### [WHAT THE TASK REQUIRES]
Would you retype the listing word for word, skipping its pictures?

### [RAW DATA]
--- START ---

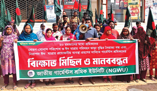 আগামী ২০ রমজানের মধ্যে শ্রমিকদের বেতন-বোনাস পরিশোধ, ঈদযাত্রায় অতিরিক্ত ভাড়া আদায় বন্ধ এবং নিরাপদ যাতায়াত নিশ্চিত করাসহ নানা দাবিতে বিক্ষোভ ও মানববন্ধন করেছেন গার্মেন্টস শ্রমিকেরা। বুধবার (৪ মার্চ) সকাল সাড়ে ১০টার দিকে আশুলিয়ার বাইপাইল মোড় এলাকায় ‘জাতীয় গার্মেন্টস শ্রমিক ইউনিট’ এর আয়োজনে এ কর্মসূচি পালন করে তারা। জাতীয় গার্মেন্টস শ্রমিক ইউনিটের নেতা-কর্মীরা জানান, ২০ রমজানের মধ্যে শ্রমিকদের বেতন-বোনাস পরিশোধ, ঈদযাত্রায় অতিরিক্ত ভাড়া আদায়, সড়কে নৈরাজ্য বন্ধসহ যানজট মুক্ত রাখার দাবিতে এসব কর্মসূচির আয়োজন করা হয়। এ সময় জাতীয় গার্মেন্টস শ্রমিক ইউনিয়নের কেন্দ্রীয় সভাপতি ফরিদুল ইসলামের সভাপতিত্বে বক্তব্য দেন আশুলিয়া থানা কমিটির সভাপতি নাজমুল হক, আশুলিয়া থানা শ্রমিক দলের সহ–সাংগঠনিক সম্পাদক মাসুদ রানা সুলতান প্রমুখ। পরে একই স্থান থেকে বিক্ষোভ মিছিল বের করা হয়। মিছিলটি বাইপাইল মোড় থেকে আশুলিয়ার বগাবাড়ী বাসস্ট্যান্ড এলাকায় গিয়ে শেষ হয়। জাতীয় গার্মেন্টস শ্রমিক ইউনিয়নের কেন্দ্রীয় সভাপতি ফরিদুল ইসলাম বলেন, ঈদ মানে আনন্দ হলেও গার্মেন্টস শ্রমিকদের মধ্যে ওই সময় নানা দুর্ভোগের শঙ্কা ও আতঙ্ক তৈরি হয়। ঈদের আগে বেতন-বোনাস পরিশোধ না করাটা গার্মেন্টস মালিকদের মধ্যে নিয়মে পরিণত হচ্ছে। এ ছাড়া ঈদের সময় বাস ভাড়ায় নৈরাজ্যের কারণে শ্রমিকদের বোনাসের টাকা অতিরিক্ত ভাড়ায় খরচ হয়। ফরিদুল ইসলামের দাবি, এ সময় চুরি, ছিনতাই, যানজট বেড়ে যায়। সরকারের কাছে আমাদের দাবি থাকবে ২০ রমজানের আগে বেতন বোনাস পরিশোধ ও এসব সমস্যা সমাধানে পদক্ষেপ নিতে হবে।
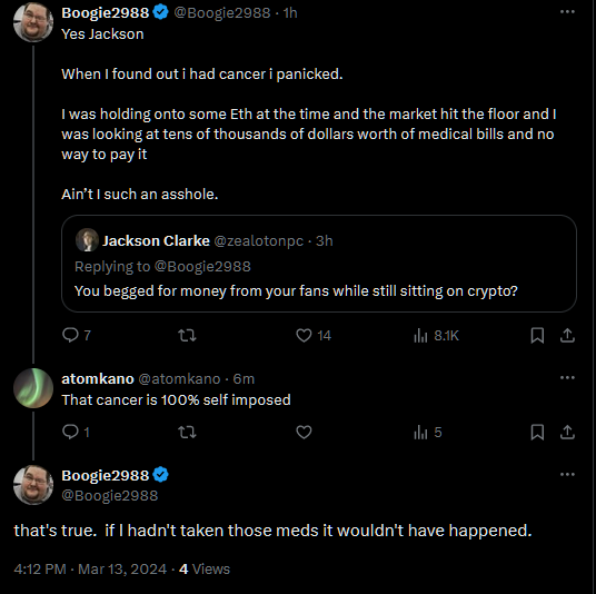 Holy SHIT is he on a Twitter tear right now, Jackson from the Ordinary podcast getting into it with him as well! Busting out all kinds of Boogie moves, accusing Jackson of being a millionaire pissing down on him for having cancer, rewriting a bunch of history, all kinds of filibustering.
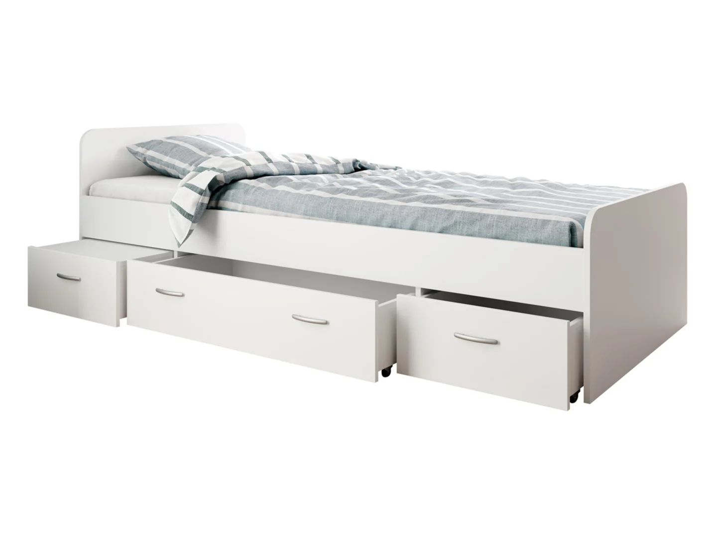 Product code POL/BORO-LOZ3S/90A-BI Length 204 cm Width 95 cm Height 65 cm Collection Boro Color white Shade white Style modern Material laminate Sleeping function with sleeping function Sleeping area 90×200 Container with container Number of drawers 3-drawers Manufacturer Black Red White Furniture type Beds VAT tax 23% EAN 5906123037273

--- END ---

### [SOLVED PROBLEM]
 আগামী ২০ রমজানের মধ্যে শ্রমিকদের বেতন-বোনাস পরিশোধ, ঈদযাত্রায় অতিরিক্ত ভাড়া আদায় বন্ধ এবং নিরাপদ যাতায়াত নিশ্চিত করাসহ নানা দাবিতে বিক্ষোভ ও মানববন্ধন করেছেন গার্মেন্টস শ্রমিকেরা। বুধবার (৪ মার্চ) সকাল সাড়ে ১০টার দিকে আশুলিয়ার বাইপাইল মোড় এলাকায় ‘জাতীয় গার্মেন্টস শ্রমিক ইউনিট’ এর আয়োজনে এ কর্মসূচি পালন করে তারা। জাতীয় গার্মেন্টস শ্রমিক ইউনিটের নেতা-কর্মীরা জানান, ২০ রমজানের মধ্যে শ্রমিকদের বেতন-বোনাস পরিশোধ, ঈদযাত্রায় অতিরিক্ত ভাড়া আদায়, সড়কে নৈরাজ্য বন্ধসহ যানজট মুক্ত রাখার দাবিতে এসব কর্মসূচির আয়োজন করা হয়। এ সময় জাতীয় গার্মেন্টস শ্রমিক ইউনিয়নের কেন্দ্রীয় সভাপতি ফরিদুল ইসলামের সভাপতিত্বে বক্তব্য দেন আশুলিয়া থানা কমিটির সভাপতি নাজমুল হক, আশুলিয়া থানা শ্রমিক দলের সহ–সাংগঠনিক সম্পাদক মাসুদ রানা সুলতান প্রমুখ। পরে একই স্থান থেকে বিক্ষোভ মিছিল বের করা হয়। মিছিলটি বাইপাইল মোড় থেকে আশুলিয়ার বগাবাড়ী বাসস্ট্যান্ড এলাকায় গিয়ে শেষ হয়। জাতীয় গার্মেন্টস শ্রমিক ইউনিয়নের কেন্দ্রীয় সভাপতি ফরিদুল ইসলাম বলেন, ঈদ মানে আনন্দ হলেও গার্মেন্টস শ্রমিকদের মধ্যে ওই সময় নানা দুর্ভোগের শঙ্কা ও আতঙ্ক তৈরি হয়। ঈদের আগে বেতন-বোনাস পরিশোধ না করাটা গার্মেন্টস মালিকদের মধ্যে নিয়মে পরিণত হচ্ছে। এ ছাড়া ঈদের সময় বাস ভাড়ায় নৈরাজ্যের কারণে শ্রমিকদের বোনাসের টাকা অতিরিক্ত ভাড়ায় খরচ হয়। ফরিদুল ইসলামের দাবি, এ সময় চুরি, ছিনতাই, যানজট বেড়ে যায়। সরকারের কাছে আমাদের দাবি থাকবে ২০ রমজানের আগে বেতন বোনাস পরিশোধ ও এসব সমস্যা সমাধানে পদক্ষেপ নিতে হবে।
 Holy SHIT is he on a Twitter tear right now, Jackson from the Ordinary podcast getting into it with him as well! Busting out all kinds of Boogie moves, accusing Jackson of being a millionaire pissing down on him for having cancer, rewriting a bunch of history, all kinds of filibustering.
 Product code POL/BORO-LOZ3S/90A-BI Length 204 cm Width 95 cm Height 65 cm Collection Boro Color white Shade white Style modern Material laminate Sleeping function with sleeping function Sleeping area 90×200 Container with container Number of drawers 3-drawers Manufacturer Black Red White Furniture type Beds VAT tax 23% EAN 5906123037273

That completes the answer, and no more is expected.